**What you should do**
Every line in the records below between the one holding "Premier Składkowski przed" and the one holding "karskiej oraz wszczęto", inclusive, is to be set down exactly; all other lines are to be left out.

**Data provided**
((

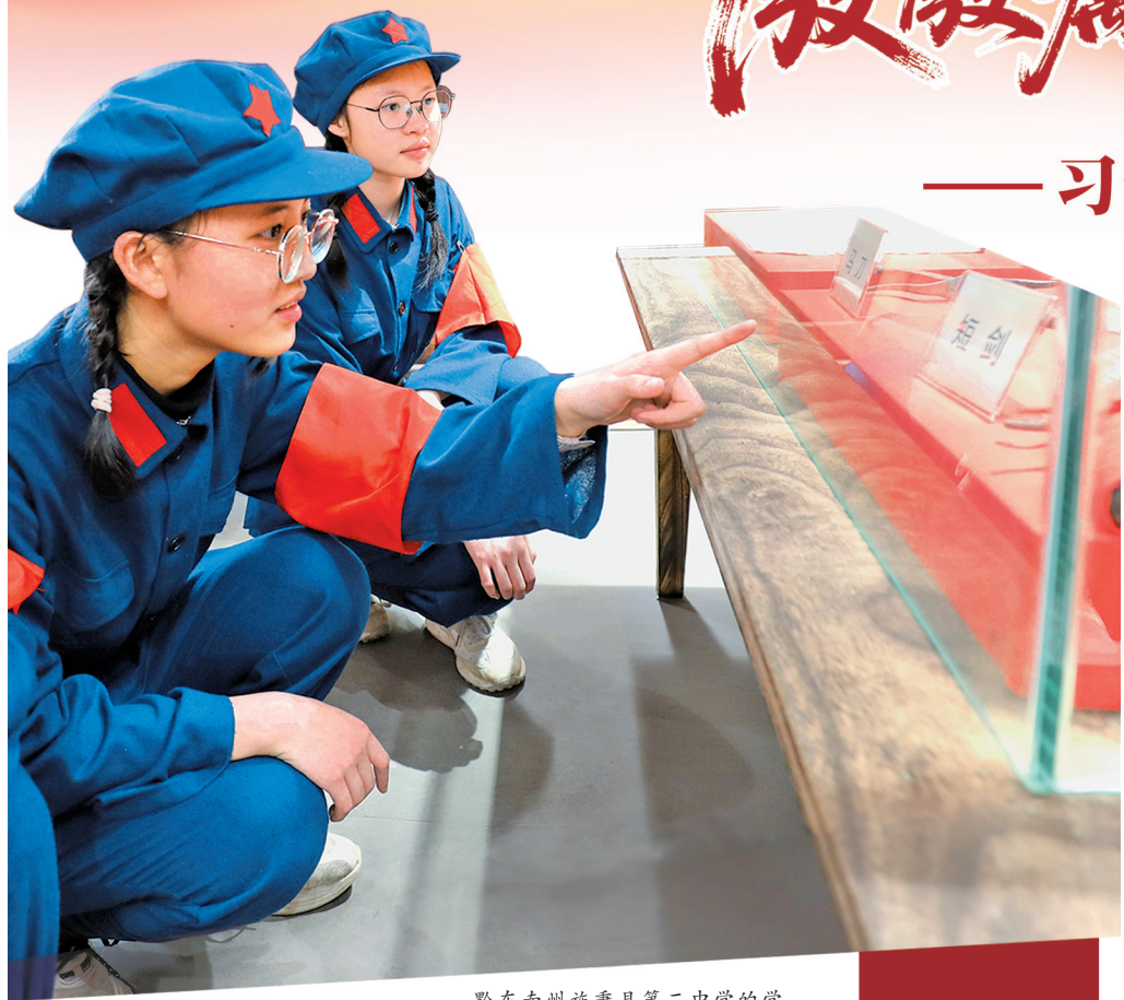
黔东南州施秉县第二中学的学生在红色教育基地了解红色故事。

))
((

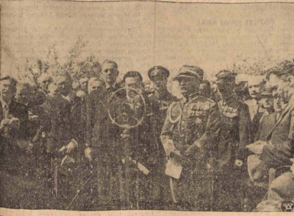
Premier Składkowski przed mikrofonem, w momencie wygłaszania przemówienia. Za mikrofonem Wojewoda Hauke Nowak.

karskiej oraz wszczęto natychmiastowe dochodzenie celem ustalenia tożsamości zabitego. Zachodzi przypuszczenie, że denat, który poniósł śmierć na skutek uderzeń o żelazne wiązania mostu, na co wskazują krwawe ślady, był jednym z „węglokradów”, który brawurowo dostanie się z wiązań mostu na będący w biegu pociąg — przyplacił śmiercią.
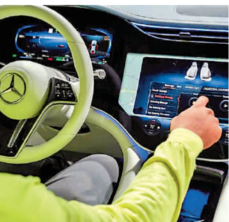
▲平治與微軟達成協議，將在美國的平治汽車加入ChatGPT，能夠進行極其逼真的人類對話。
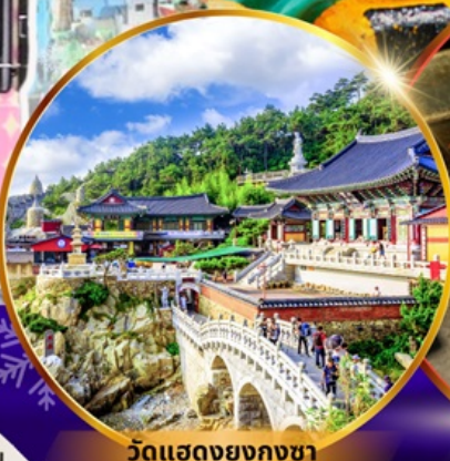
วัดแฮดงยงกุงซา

))

**Answer box**
Premier Składkowski przed mikrofonem, w momencie wygłaszania przemówienia. Za mikrofonem Wojewoda Hauke Nowak.

karskiej oraz wszczęto natychmiastowe dochodzenie celem ustalenia tożsamości zabitego. Zachodzi przypuszczenie, że denat, który poniósł śmierć na skutek uderzeń o żelazne wiązania mostu, na co wskazują krwawe ślady, był jednym z „węglokradów”, który brawurowo dostanie się z wiązań mostu na będący w biegu pociąg — przyplacił śmiercią.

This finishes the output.